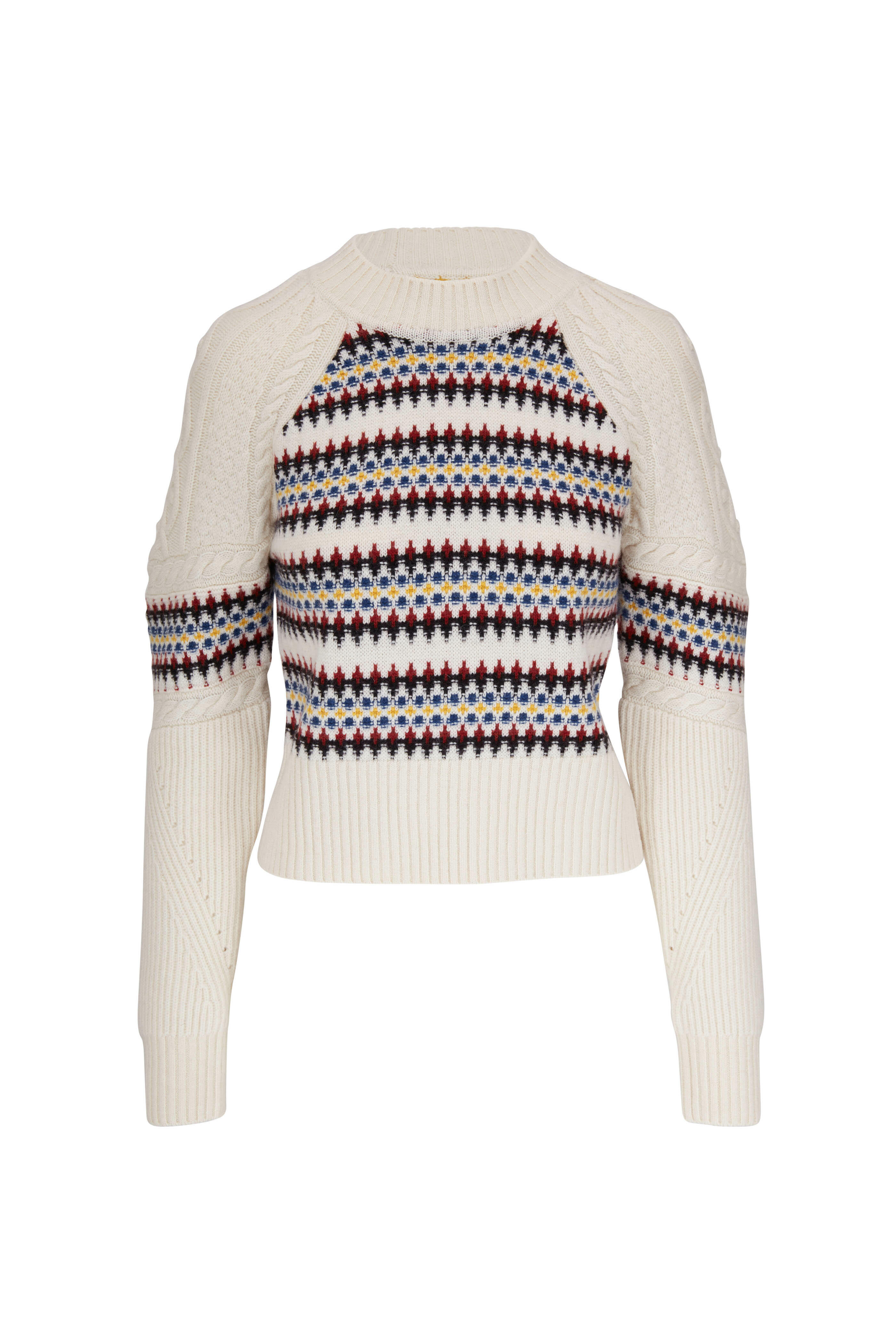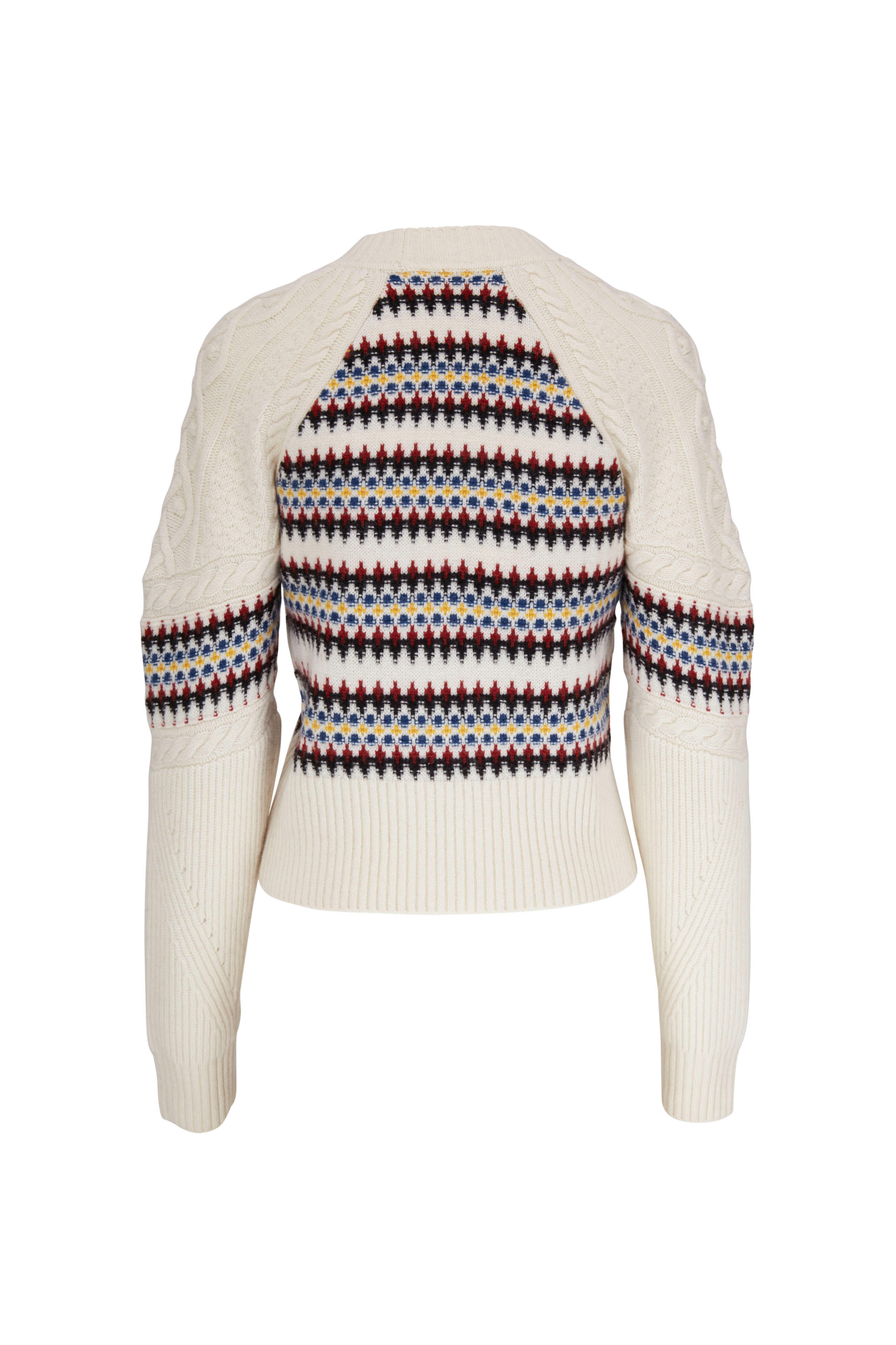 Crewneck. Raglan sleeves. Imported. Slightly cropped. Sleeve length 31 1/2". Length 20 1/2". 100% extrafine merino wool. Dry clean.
+ + + + + + +
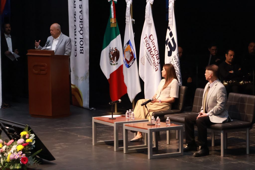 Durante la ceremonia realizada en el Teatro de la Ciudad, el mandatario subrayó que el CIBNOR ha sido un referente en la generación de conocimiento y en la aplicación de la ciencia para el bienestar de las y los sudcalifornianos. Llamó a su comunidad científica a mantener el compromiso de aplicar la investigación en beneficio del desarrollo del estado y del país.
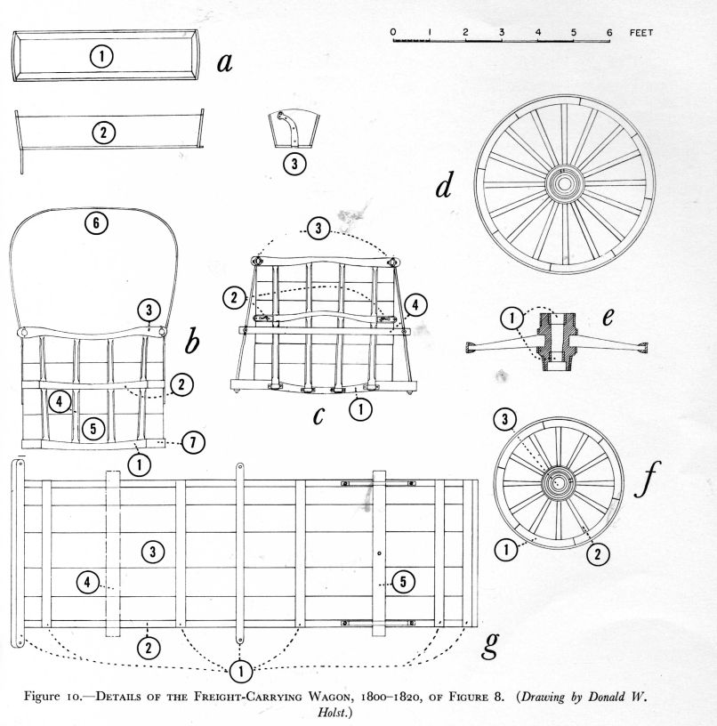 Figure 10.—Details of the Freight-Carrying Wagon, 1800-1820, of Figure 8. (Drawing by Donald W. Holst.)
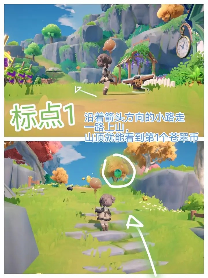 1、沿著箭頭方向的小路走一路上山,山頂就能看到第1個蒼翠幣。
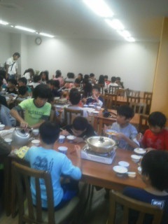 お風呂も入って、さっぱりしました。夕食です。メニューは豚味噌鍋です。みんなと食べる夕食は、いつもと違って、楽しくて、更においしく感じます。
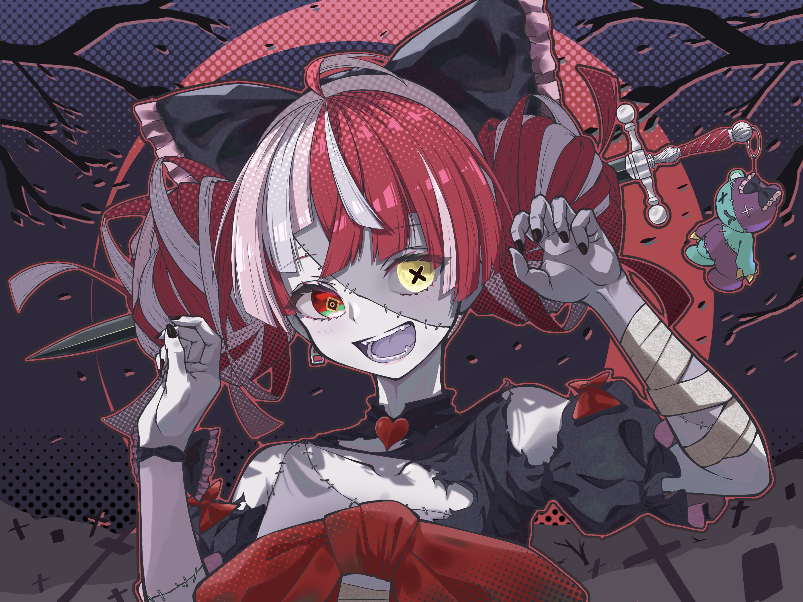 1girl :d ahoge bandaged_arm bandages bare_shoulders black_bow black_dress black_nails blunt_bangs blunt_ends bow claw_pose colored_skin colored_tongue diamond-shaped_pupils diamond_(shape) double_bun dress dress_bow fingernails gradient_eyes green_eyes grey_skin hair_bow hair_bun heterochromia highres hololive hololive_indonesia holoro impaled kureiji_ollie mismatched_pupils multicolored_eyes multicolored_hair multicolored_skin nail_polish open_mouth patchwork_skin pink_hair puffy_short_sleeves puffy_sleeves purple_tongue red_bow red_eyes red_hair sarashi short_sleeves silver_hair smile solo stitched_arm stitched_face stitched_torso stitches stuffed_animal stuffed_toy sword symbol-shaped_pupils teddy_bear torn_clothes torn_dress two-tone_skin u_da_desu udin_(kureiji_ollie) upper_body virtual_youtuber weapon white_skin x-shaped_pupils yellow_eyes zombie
+ + + + + + +
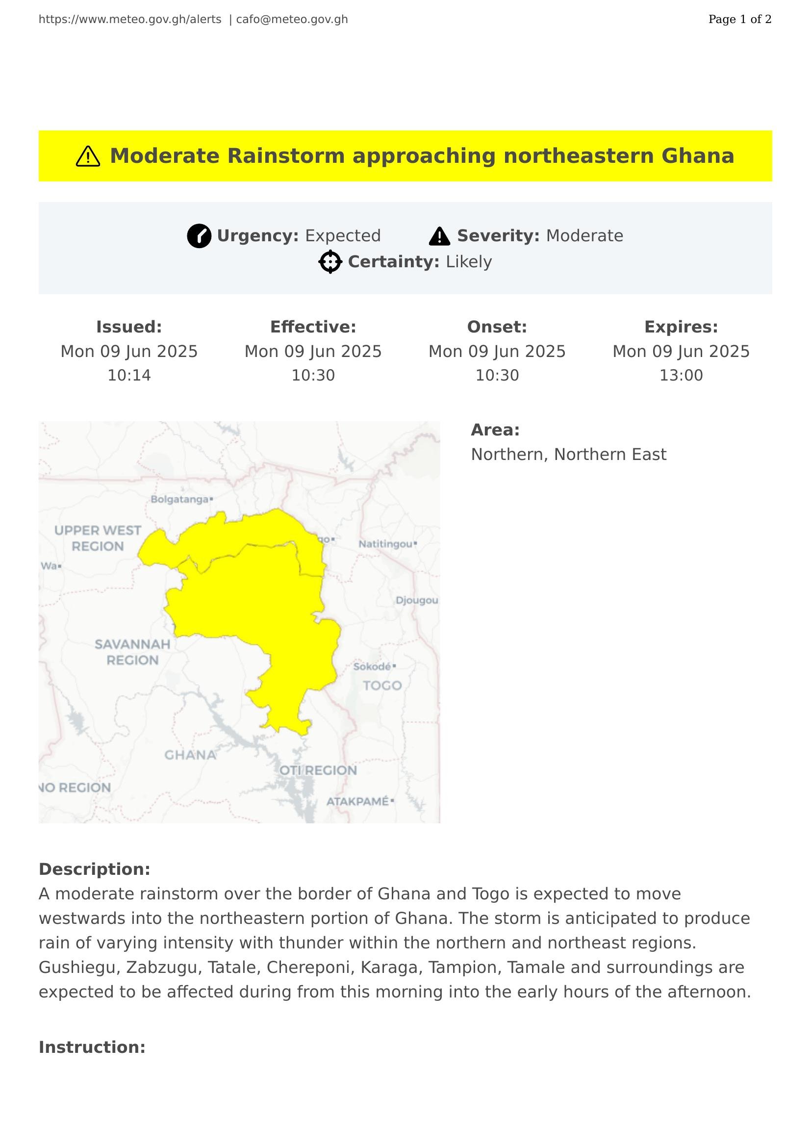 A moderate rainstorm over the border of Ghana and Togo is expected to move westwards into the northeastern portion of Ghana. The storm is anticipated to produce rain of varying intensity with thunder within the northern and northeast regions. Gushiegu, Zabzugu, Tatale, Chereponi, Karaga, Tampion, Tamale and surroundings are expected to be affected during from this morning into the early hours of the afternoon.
+ + + + + + +
## What the task asks
Within these entries, output exactly the lines starting at the one with "Figure 10.—Details of" and finishing at the one with "お風呂も入って、さっぱりしま". Leave pictures out of the output.

## Reply to the exercise
 Figure 10.—Details of the Freight-Carrying Wagon, 1800-1820, of Figure 8. (Drawing by Donald W. Holst.)
 1、沿著箭頭方向的小路走一路上山,山頂就能看到第1個蒼翠幣。
 お風呂も入って、さっぱりしました。夕食です。メニューは豚味噌鍋です。みんなと食べる夕食は、いつもと違って、楽しくて、更においしく感じます。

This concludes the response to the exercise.